↓

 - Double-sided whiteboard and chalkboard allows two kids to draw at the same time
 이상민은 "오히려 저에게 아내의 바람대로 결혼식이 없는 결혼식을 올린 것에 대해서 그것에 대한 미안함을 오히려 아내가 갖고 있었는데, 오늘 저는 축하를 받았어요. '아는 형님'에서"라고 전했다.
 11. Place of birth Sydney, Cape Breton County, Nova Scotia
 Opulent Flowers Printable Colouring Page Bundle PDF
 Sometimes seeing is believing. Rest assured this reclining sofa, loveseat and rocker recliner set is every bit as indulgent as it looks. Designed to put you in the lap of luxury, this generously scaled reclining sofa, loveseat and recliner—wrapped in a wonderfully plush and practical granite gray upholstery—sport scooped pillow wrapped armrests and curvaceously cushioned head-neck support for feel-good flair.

↑
↓

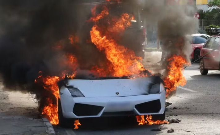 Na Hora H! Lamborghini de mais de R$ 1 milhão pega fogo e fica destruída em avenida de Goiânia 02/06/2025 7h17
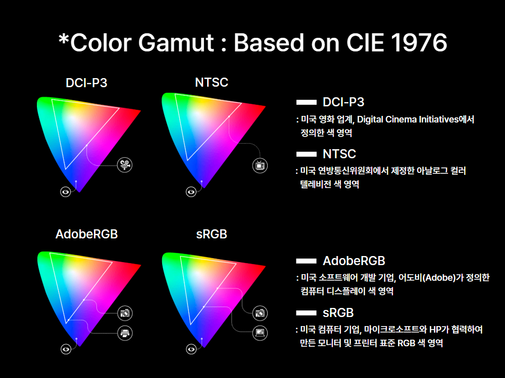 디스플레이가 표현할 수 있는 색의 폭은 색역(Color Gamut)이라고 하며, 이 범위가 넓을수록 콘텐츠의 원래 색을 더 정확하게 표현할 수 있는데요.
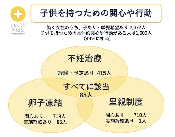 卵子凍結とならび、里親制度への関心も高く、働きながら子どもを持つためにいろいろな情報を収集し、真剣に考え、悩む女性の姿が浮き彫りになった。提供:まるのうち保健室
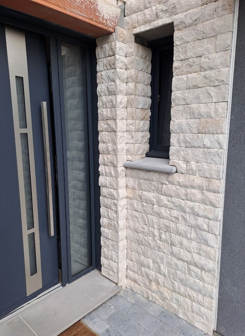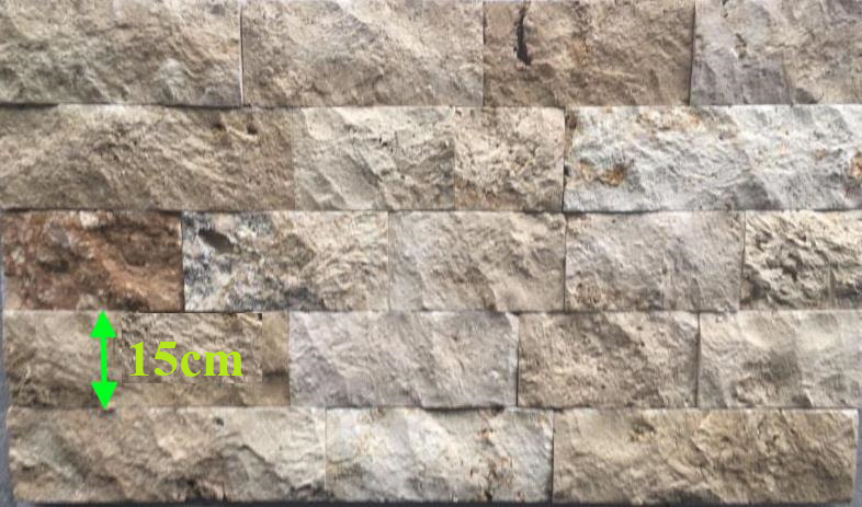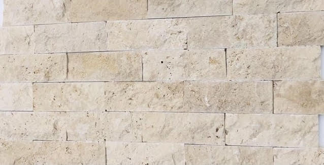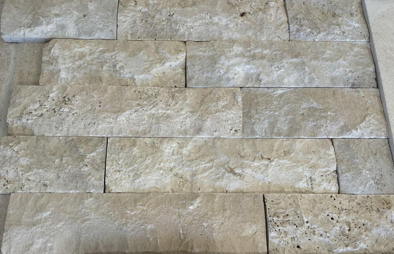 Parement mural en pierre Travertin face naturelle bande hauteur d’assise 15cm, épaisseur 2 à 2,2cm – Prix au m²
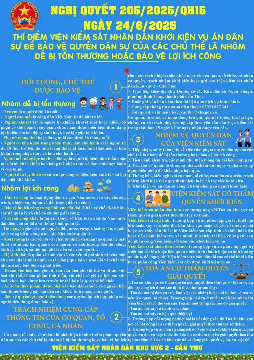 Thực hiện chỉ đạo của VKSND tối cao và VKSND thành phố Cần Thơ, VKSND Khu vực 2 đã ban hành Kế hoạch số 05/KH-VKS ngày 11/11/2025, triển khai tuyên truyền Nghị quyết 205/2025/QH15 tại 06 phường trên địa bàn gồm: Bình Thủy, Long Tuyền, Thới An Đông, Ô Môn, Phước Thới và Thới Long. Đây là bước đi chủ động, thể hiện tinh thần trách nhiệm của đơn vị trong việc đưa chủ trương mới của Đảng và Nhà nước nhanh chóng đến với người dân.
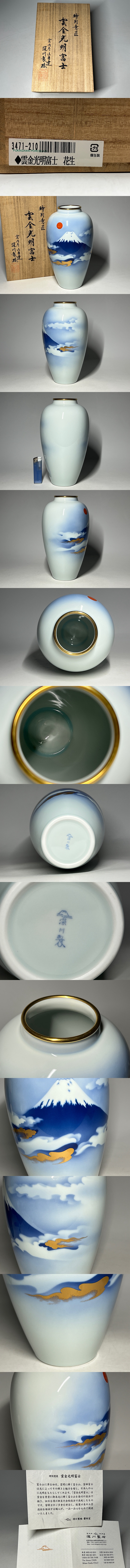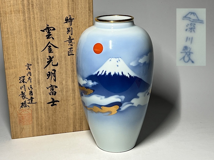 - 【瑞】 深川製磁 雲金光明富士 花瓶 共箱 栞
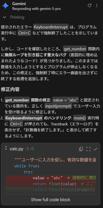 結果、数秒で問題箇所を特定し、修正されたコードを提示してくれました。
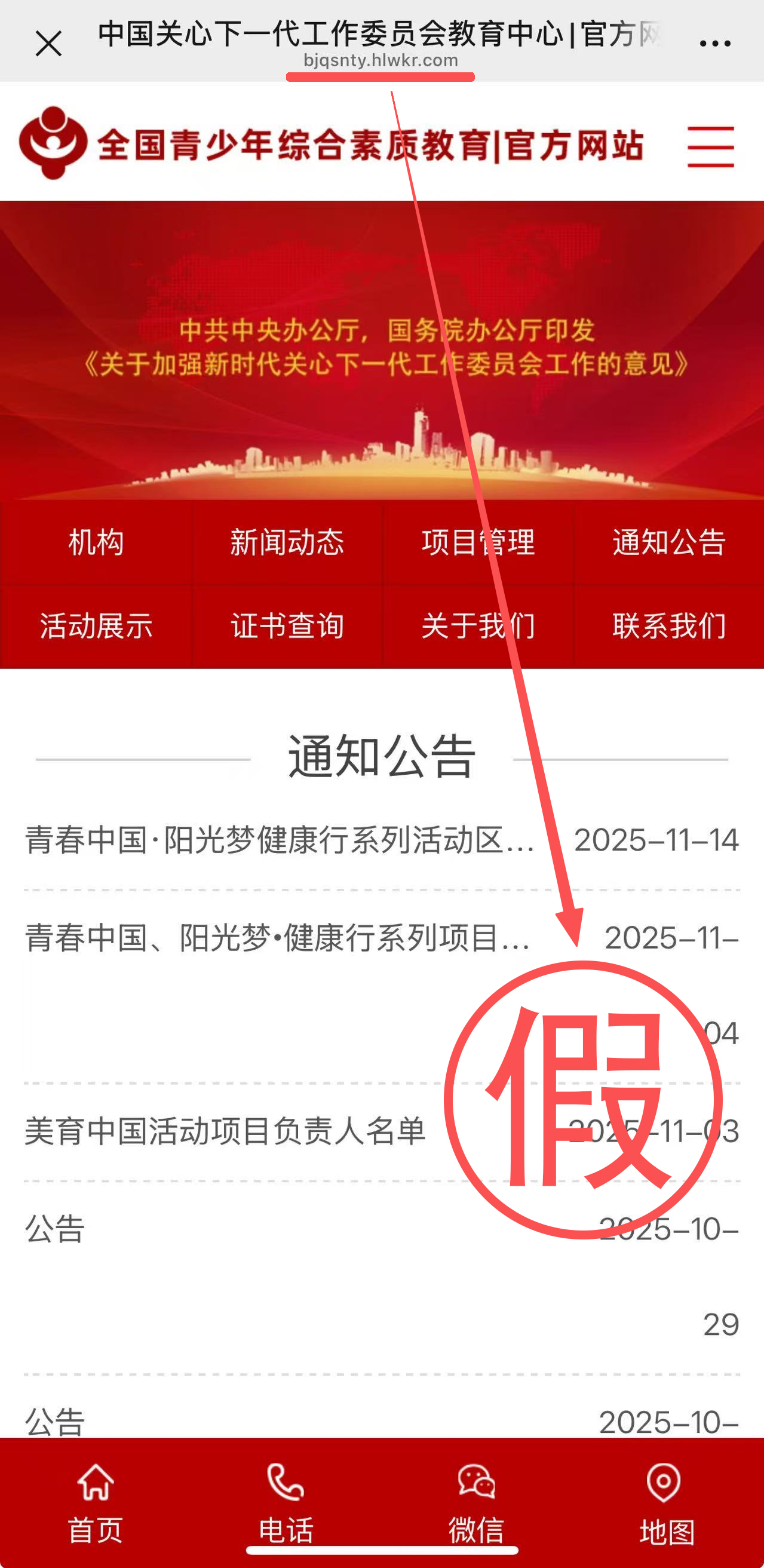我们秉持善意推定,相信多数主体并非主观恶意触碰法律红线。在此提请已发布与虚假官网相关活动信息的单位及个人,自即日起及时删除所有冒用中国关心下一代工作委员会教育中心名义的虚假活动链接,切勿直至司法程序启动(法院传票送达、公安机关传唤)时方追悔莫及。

↑

* REQUIRED ACTION
Each line in the entries above, starting at the line with "- Double-sided whiteboard" and ending at the line with "Sometimes seeing is", is to be printed exactly, and only those lines.

* SOLUTION TO THE EXERCISE
 - Double-sided whiteboard and chalkboard allows two kids to draw at the same time
 이상민은 "오히려 저에게 아내의 바람대로 결혼식이 없는 결혼식을 올린 것에 대해서 그것에 대한 미안함을 오히려 아내가 갖고 있었는데, 오늘 저는 축하를 받았어요. '아는 형님'에서"라고 전했다.
 11. Place of birth Sydney, Cape Breton County, Nova Scotia
 Opulent Flowers Printable Colouring Page Bundle PDF
 Sometimes seeing is believing. Rest assured this reclining sofa, loveseat and rocker recliner set is every bit as indulgent as it looks. Designed to put you in the lap of luxury, this generously scaled reclining sofa, loveseat and recliner—wrapped in a wonderfully plush and practical granite gray upholstery—sport scooped pillow wrapped armrests and curvaceously cushioned head-neck support for feel-good flair.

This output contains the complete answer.